Critzas challenges three evidentiary rulings of the district court: the exclusion of survey evidence, the preclusion of the evidence of the filing of the Critzas I suit in 1985, and the admission of Exhibit 560, a bar graph entitled "Evolution of Goop Product Packaging." There was no reversible error. First, Critzas' survey did not simulate actual marketing conditions, see Levi Strauss & Co. v. Blue Bell, Inc., 632 F.2d 817, 822 (9th Cir. 1980), and also included two of Eclectic's trademarks that were not before the jury. The evidence had little probative value and could have confused the jury. There was no abuse of discretion in excluding it. See Fed.R.Evid. 403. Second, the district court did not abuse its discretion in excluding reference to Critzas I on the grounds that it had little probative value and could have confused the jury on the issue of whether Critzas acted promptly with proper motives in defending its mark. Although Critzas I was filed during the time period used in establishing laches, it was voluntarily dismissed, and there was no indication that it ever proceeded beyond the pleading stage. With respect to Exhibit 560, the record does not support Critzas' assertions that the exhibit contained misrepresentations. Although the exhibit does not contain all of the evidentiary matters that Critzas would have liked the jury to consider, Critzas remained free to present its own evidence and arguments concerning the exhibit's quality to the jury. There was no abuse of discretion in admitting the exhibit.

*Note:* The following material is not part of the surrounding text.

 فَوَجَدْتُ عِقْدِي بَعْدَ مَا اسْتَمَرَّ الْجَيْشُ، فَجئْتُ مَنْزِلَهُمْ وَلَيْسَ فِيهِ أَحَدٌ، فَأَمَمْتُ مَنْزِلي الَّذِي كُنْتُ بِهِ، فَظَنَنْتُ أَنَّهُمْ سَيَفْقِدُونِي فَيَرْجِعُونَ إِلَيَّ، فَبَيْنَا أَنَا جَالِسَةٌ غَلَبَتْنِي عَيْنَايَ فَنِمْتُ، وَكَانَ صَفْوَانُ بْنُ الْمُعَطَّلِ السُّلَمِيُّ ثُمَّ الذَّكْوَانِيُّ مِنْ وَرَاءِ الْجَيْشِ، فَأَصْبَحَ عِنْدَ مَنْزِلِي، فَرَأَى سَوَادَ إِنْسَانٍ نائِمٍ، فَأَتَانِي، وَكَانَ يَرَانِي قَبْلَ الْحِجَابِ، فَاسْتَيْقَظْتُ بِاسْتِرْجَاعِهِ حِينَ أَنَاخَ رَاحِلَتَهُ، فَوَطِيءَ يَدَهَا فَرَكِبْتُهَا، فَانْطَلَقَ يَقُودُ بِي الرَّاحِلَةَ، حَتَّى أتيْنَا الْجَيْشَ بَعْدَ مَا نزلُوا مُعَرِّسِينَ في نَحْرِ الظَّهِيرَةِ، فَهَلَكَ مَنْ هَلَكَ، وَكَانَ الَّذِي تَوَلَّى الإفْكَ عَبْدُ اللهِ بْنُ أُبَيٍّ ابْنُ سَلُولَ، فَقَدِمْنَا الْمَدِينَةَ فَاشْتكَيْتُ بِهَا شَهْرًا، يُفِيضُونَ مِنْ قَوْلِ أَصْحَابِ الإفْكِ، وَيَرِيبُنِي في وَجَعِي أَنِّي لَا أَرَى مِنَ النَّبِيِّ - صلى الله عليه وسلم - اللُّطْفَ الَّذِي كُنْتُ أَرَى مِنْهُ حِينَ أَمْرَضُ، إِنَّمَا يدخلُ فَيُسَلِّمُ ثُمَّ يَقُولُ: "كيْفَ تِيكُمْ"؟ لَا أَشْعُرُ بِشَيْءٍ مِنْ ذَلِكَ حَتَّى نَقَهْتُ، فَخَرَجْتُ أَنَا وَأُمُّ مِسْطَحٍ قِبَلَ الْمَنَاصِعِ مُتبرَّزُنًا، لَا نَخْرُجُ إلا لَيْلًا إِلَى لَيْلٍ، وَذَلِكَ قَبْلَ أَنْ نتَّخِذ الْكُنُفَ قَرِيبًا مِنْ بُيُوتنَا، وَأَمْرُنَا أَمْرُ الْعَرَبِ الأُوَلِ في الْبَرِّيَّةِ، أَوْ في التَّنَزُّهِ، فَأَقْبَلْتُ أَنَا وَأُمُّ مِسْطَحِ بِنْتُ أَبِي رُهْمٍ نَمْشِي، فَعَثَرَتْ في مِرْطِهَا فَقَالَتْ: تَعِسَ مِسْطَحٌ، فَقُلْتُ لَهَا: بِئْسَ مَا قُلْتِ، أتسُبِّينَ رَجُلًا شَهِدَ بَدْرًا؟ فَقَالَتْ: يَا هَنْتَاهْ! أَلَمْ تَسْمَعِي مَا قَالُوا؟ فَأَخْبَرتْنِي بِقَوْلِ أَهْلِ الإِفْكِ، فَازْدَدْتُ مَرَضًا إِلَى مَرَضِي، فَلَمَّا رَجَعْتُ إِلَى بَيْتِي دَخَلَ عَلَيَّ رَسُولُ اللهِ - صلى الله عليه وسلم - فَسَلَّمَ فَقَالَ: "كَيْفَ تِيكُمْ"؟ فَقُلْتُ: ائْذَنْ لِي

Critzas raises a number of challenges to the court's instructions to the jury, but only one has any possible merit. The district court incorrectly instructed the jury that Critzas had to establish secondary meaning if the jury found that Critzas' mark was only descriptive. Since the mark became incontestable as applied to hand cleaner products, this was not accurate. There was, however, no objection to the instruction at the time of trial, and so the district court was not made aware of any concerns about the instruction on the part of Critzas. Accordingly, the propriety of the instruction is not properly before us on appeal. See Benigni v. City of Hemet, 868 F.2d 307, 310 (9th Cir. 1988). Moreover, even if we could review the belatedly challenged instructions, the jury found in favor of Eclectic and against Critzas on alternative grounds on all but one of Eclectic's marks, so that the challenged instruction would not have affected the judgment on most of the claims.

Critzas' arguments that the district court should have ordered a new trial are without merit.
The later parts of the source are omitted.